La Leche League is a single mission organization, whose goal is to provide mother to mother support for nursing women and to promote a better understanding of breastfeeding. Leaders are all mothers with personal breastfeeding experience, who have also gone through additional training on providing breastfeeding support. They volunteer to provide support over the phone and through monthly meetings. Support is always free.
La Leche League also provides a wealth of breastfeeding information on their website, and through their publications including The Womanly Art of Breastfeeding and Sweet Sleep. Meetings are held in a variety of locations including libraries, churches, hospitals, and private homes. A meeting usually has a specific topic, but all breastfeeding questions are welcome and there is always the opportunity for mother to mother support.

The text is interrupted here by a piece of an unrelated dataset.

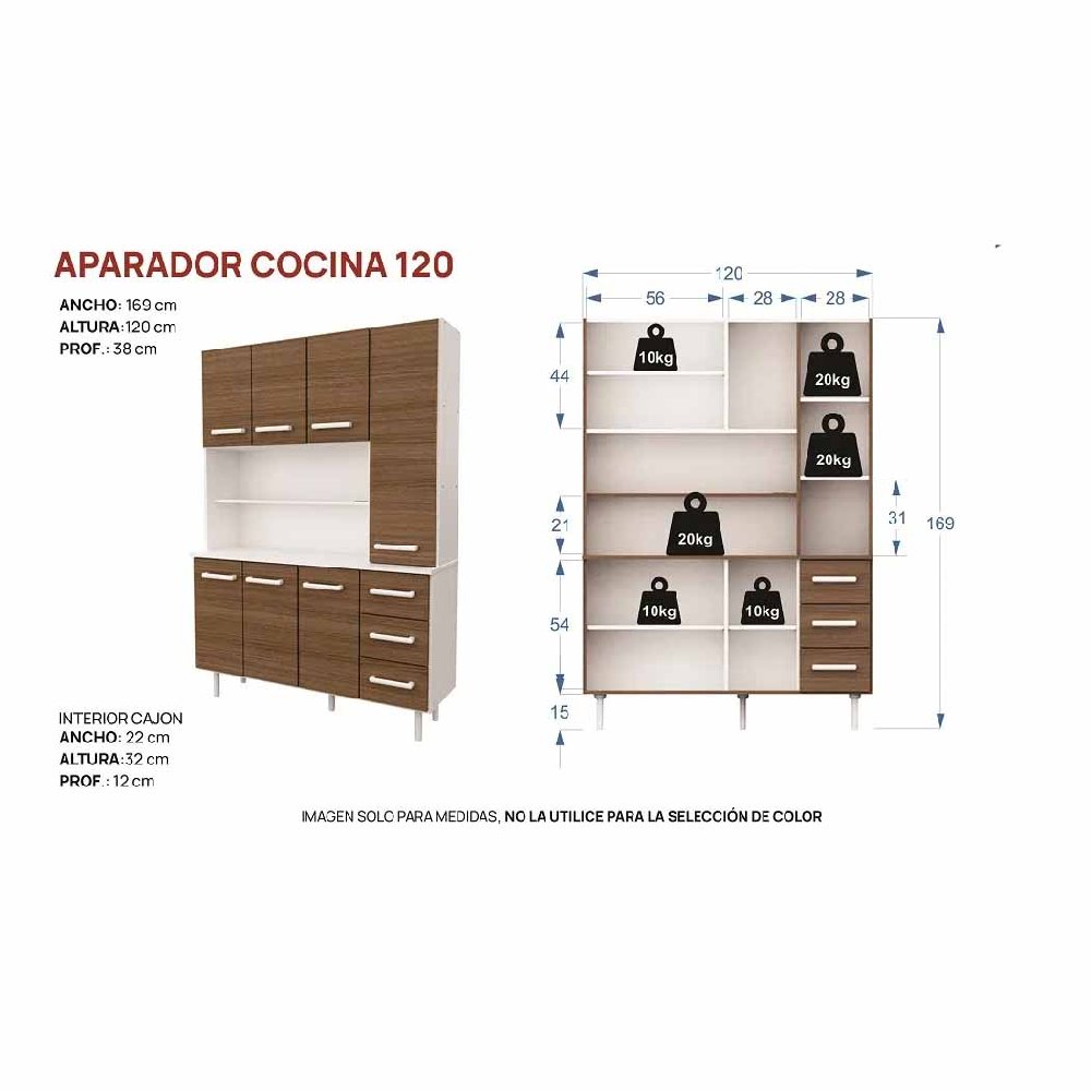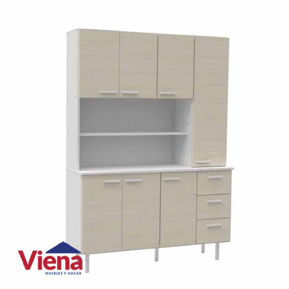 Aparador organizador de cocina de 1.20 metros de ancho, ideal para ampliar el espacio de guardado. Su profundidad de 38 cm permite buena capacidad sin ocupar demasiado espacio. El modelo Venezia ofrece un diseño funcional y moderno, pensado para organizar vajilla, alimentos, utensilios y pequeños electrodomésticos.

There is something almost magical about the support that comes from sitting in a group of other nursing moms, who don’t mind if your baby is crying, or you feel like you don’t know what you’re doing. At meetings a lot gets said, but often a mom goes home with one tip that makes life a bit easier. Maybe it’s something about how to get more rest at night, become comfortable nursing in public, or prepare for going back to her job. Maybe she gets a view of an older baby, and what’s going to be coming along for her in a month or two. Maybe she passes along a suggestion to a new mom, who wonders how she’ll make it if mothering means permanently being this tired, this overwhelmed.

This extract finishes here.